# 18" rim fit on LS with high trunk weight?



## XxshadowdawgxX (Dec 15, 2013)

I was hoping to buy some 18" Wheels and rims for my 2013 Cruze LS. The problem is I have a very heavy stereo in my trunk at around roughly 350-400lbs. It drops my ass end around 1in or so I'd say. I was wondering if 18" rims are even a possibility with this weight in the trunk without an upgraded suspension or anything. Hoping there is a nice size gap between the tire and wheel well to keep from rubbing. Any advice would be helpful.


----------



## ChrisWorldPeace (Jun 24, 2013)

I don't see it being a problem I've seen 18s on an 2013 Ls with a 1.2 inch drop with no issues 


Sent from AutoGuide.com Free App


----------



## Smurfenstein (Nov 16, 2011)

Changing rim size does absolutely nothing unless you get one thats too wide, since with the appropriate tire, you will still have the same overall factory tire diameter. I would say find a wheel in our bolt pattern that you like, then post again in this same wheel/tire sub-forum and we can help suggest possible tire sizes to run.


----------



## HarleyGTP (Dec 14, 2013)

Smurfenstein said:


> Changing rim size does absolutely nothing unless you get one thats too wide, since with the appropriate tire, you will still have the same overall factory tire diameter. I would say find a wheel in our bolt pattern that you like, then post again in this same wheel/tire sub-forum and we can help suggest possible tire sizes to run.


You're absolutely right...........but how many people actually do this when they are buying new rims / tires?

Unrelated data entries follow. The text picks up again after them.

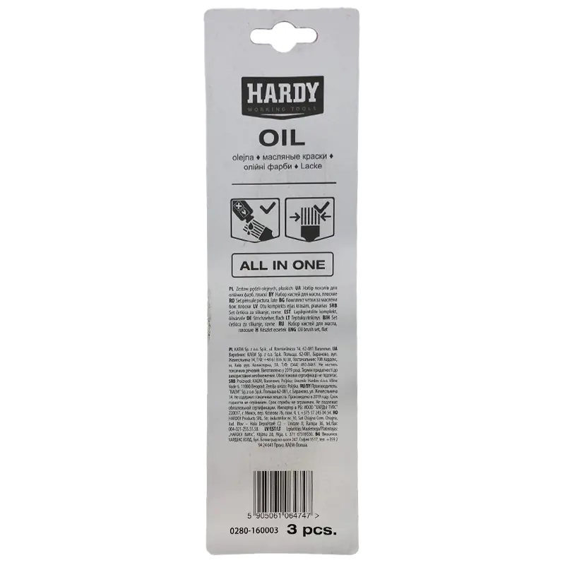 Набор из 3-х кистей HARDY предназначен для работ по покраске небольших поверхностей, труднодоступных мест и отделке деталей, а также для художественных работ на холсте, бумаге, оргалите и других поверхностях. Кисти изготовлены из натуральной щетины китайской свиньи, что гарантирует точность и равномерность окраски. Имеют удобную деревянную ручку и металлический бандаж. Подходят для любых красок и масла. Сохраняет свою форму в течении долгого времени. В упаковке 3 кисти.
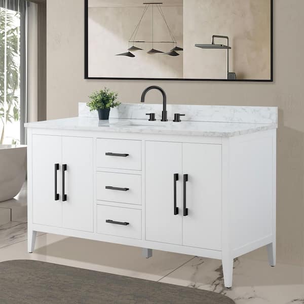 60 in. W x 22 in. D x 34 in. H Single Sink Bathroom Vanity Cabinet in White with Engineered Marble Top in White
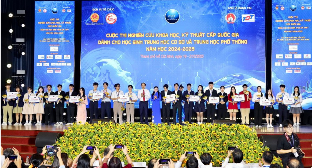 Trao giải Nhất cho 12 dự án dự thi nghiên cứu khoa học, kỹ thuật cấp quốc gia học sinh THCS và THPT năm học 2024-2025.
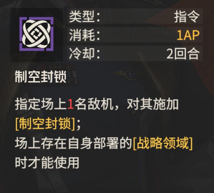 空封锁:对策性技能,需要配合战术领域使用,能够使敌方1个单位无法使用战术武器对战略领域中的我方目标造成伤害,持续到回合结束,相当于让敌方战术家一回合哑火,无论是pve中抵挡boss的关键战术攻击,还在是将来的pvp作为处理敌方战术家,都有不错的发挥
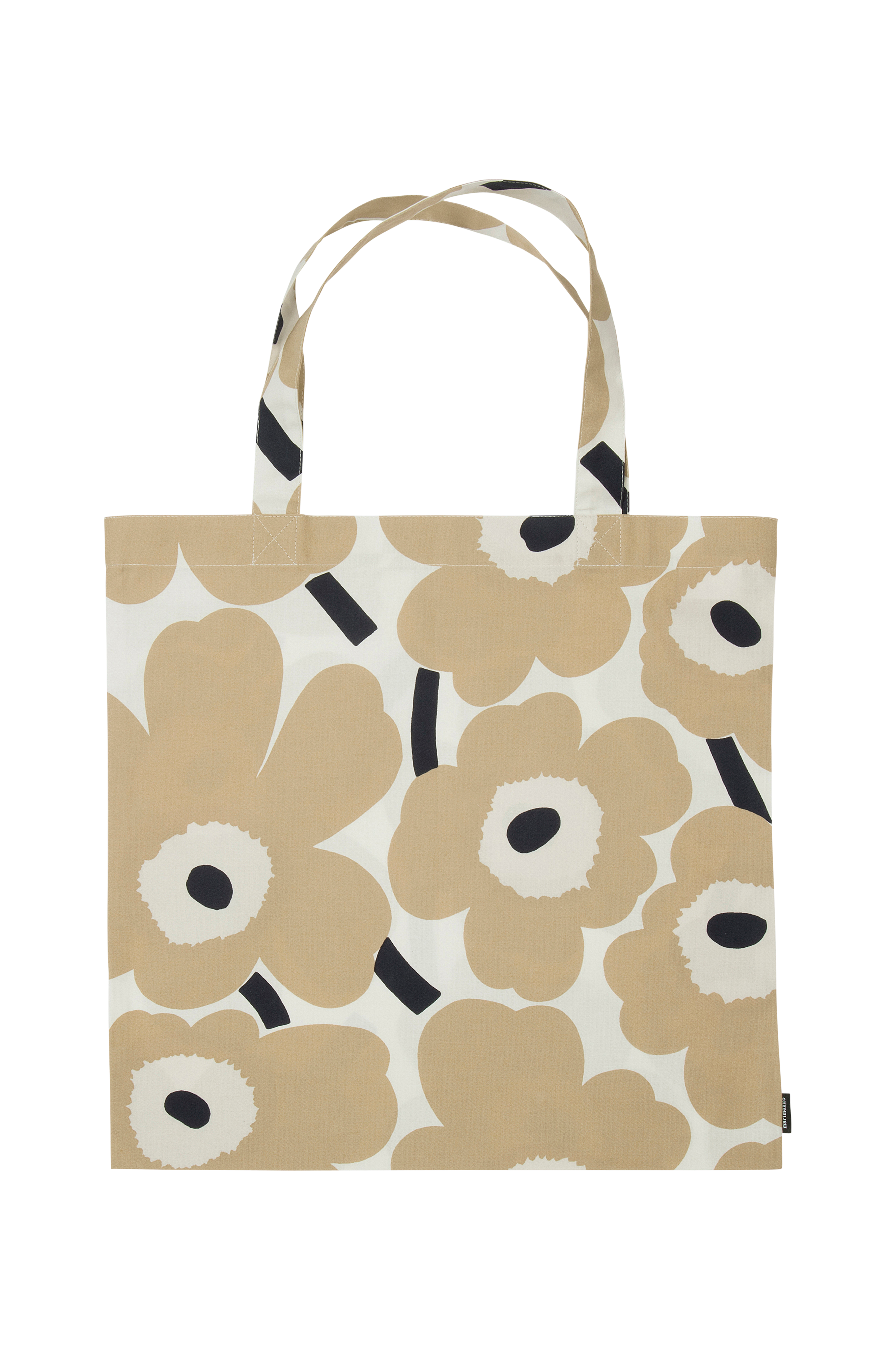 Kätevä puuvillalaukku, jossa punainen/tummanpunainen Pieni Unikko -kuvio. Kevyt laukku, jonka voi helposti taittaa kokoon ja säilyttää toisessa laukussa jolloin se on aina mukana. Painettu Helsingissä. Unikko syntyi vuonna 1964 sen jälkeen, kun Marimekon perustaja Armi Ratia oli päättänyt kieltää kukkakuvioiset mallistot. Maija Isola vastusti Armin päätöstä ja suunnitteli vastalauseeksi kokonaisen sarjan kauniita kukkakuoseja. Yksi niistä oli Unikko, joka kertoo luovuudesta, voimasta, rohkeudesta ja uskosta omaan itseensä. Koko 44x43 cm.
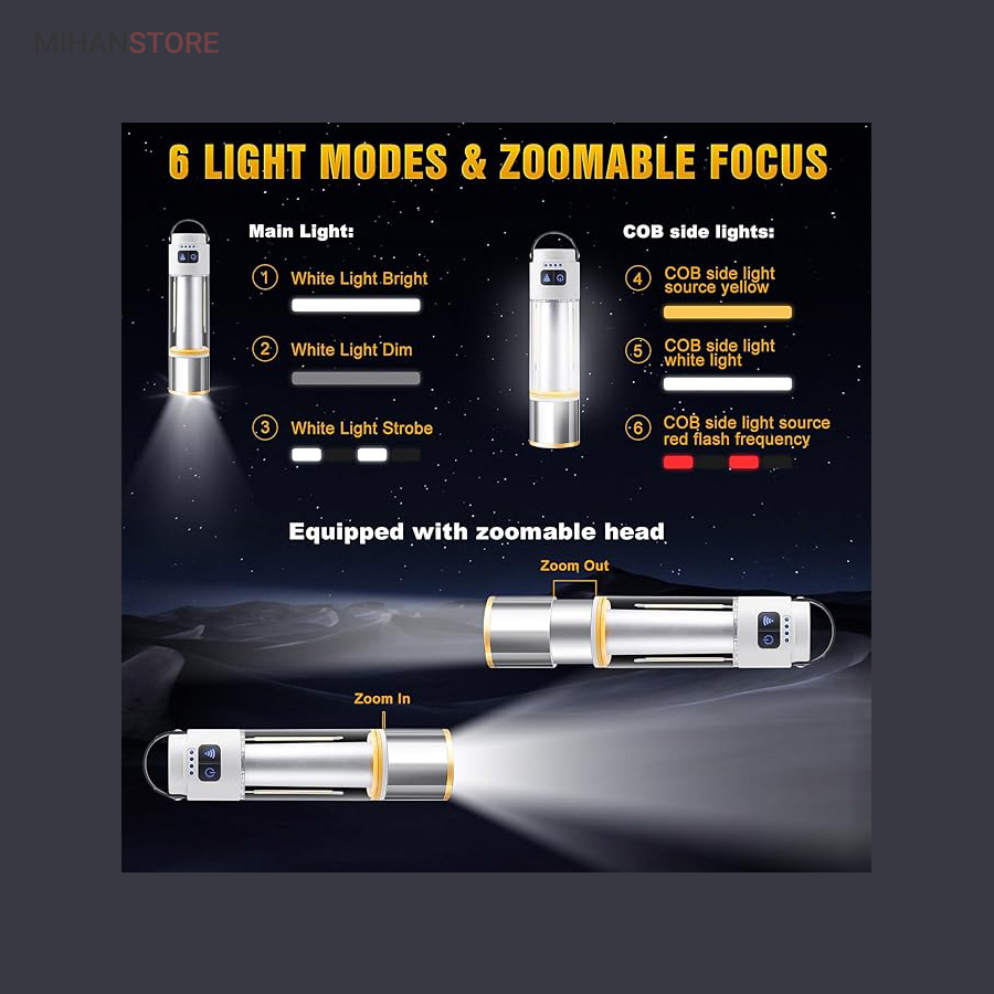 قابلیتهای ویژه چراغ قوه حرفه ای چندکاره YESNICE علاوه بر ویژگیهای اصلی خود، قابلیتهای جانبی مهمی نیز دارد که آن را به یک محصول همهکاره تبدیل میکند.
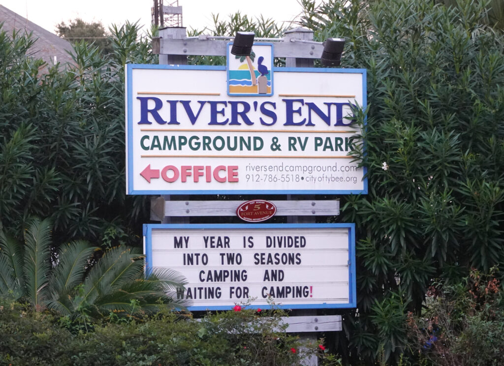 The drive to Tybee Island is easy from Savannah area and along the route we talk at length about what we will do during our stay there. Our campground reservation is at The Rivers End Campground. It is the only campground on the island and is owned by the county. We have a great site on the end so no one is next to us on our awning side. During the day there is some road noise (our site is right on the road) but by 8:00pm it is very quiet. There are camp hosts that guide you to your site and help you park. We met the Camphost/Maintenance person Roger on our arrival and became fast friends. After he discovered we had experience camphosting he brought the park manager by to meet us and they both encouraged us to apply for hosting in the future. Food for thought for sure….
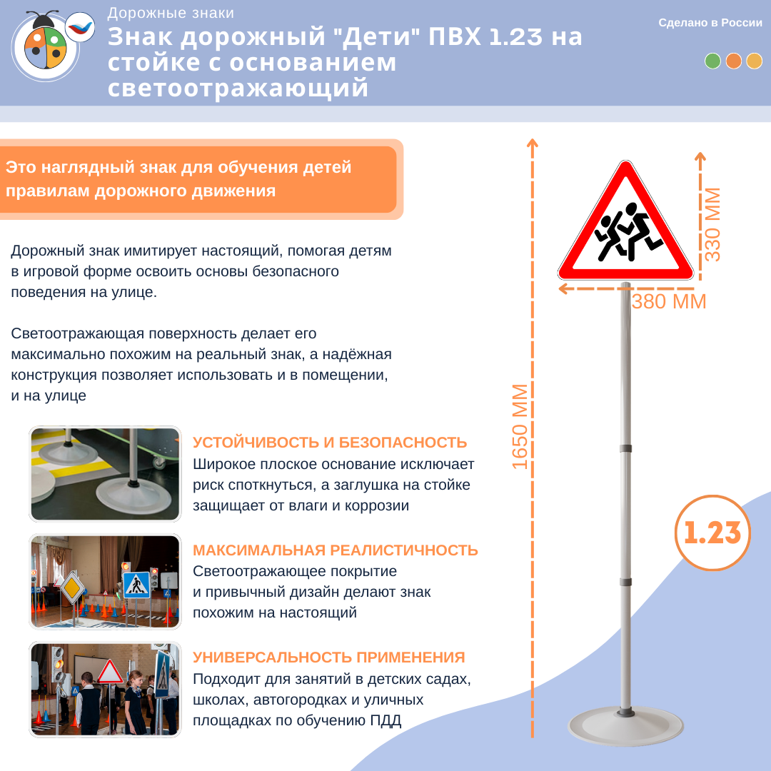 Знак дорожный "Дети" ПВХ 1.23 на стойке с основанием светоотражающий
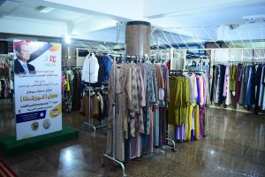 ان المعرض يضم عدد كبير من قطع الملابس والأقمشة مختلفة الأنواع، والتي يتم توزيعها على الطلبة والطالبات حسب المقاسات واختياراتهم للملابس.
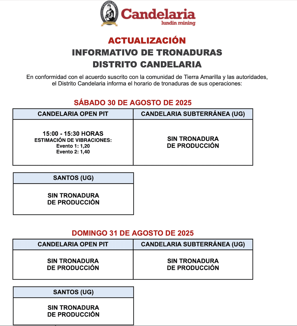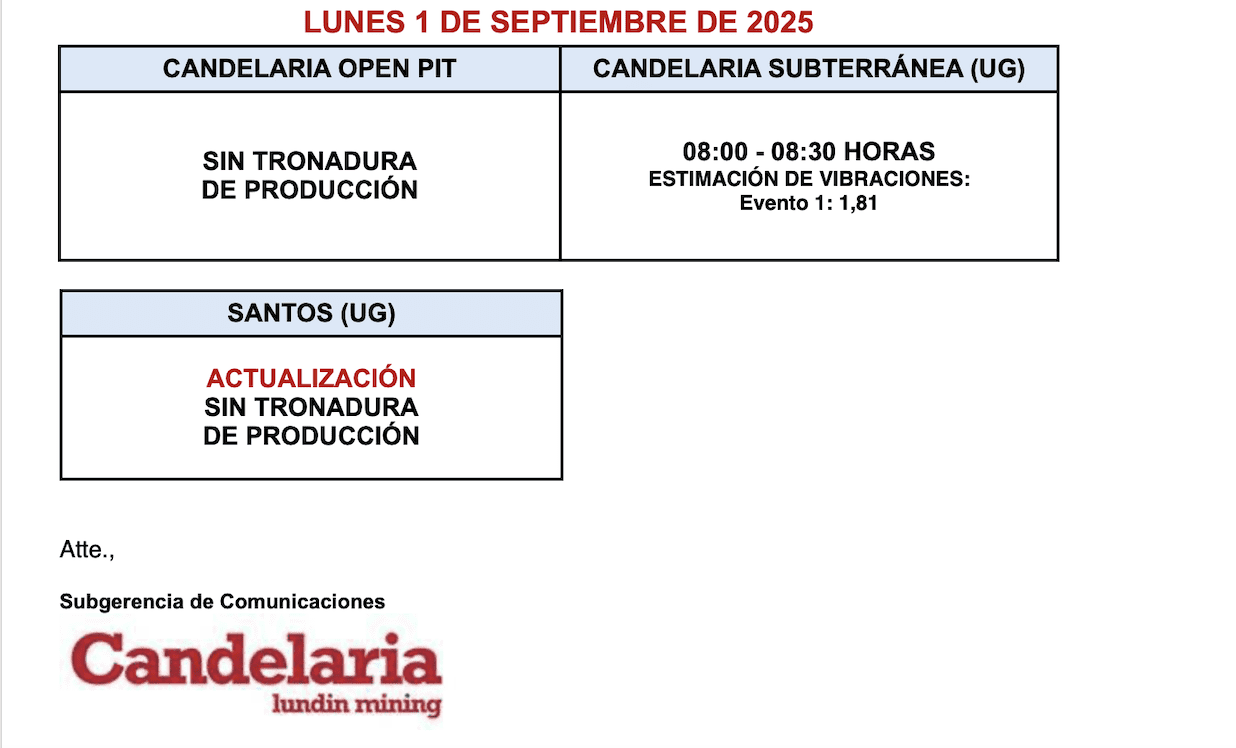 ACTUALIZACIÓN DE TRONADURAS CANDELARIA / SÁBADO 30, DOMINGO 31 DE AGOSTO y LUNES 1 DE SEPTIEMBRE DE 2025

Also, most of the time when you are buying a larger diameter rim, the correct size tire to make overall stock diameter may not be available.


----------



## XxshadowdawgxX (Dec 15, 2013)

Yeah I haven't even checked to see if there is a original tire size with an R18. Thank you for the input, I'll check it out and post my results.


----------



## dwolson2 (Dec 24, 2013)

If there is a stock 18, you should be able to fit it with the correct offset.


----------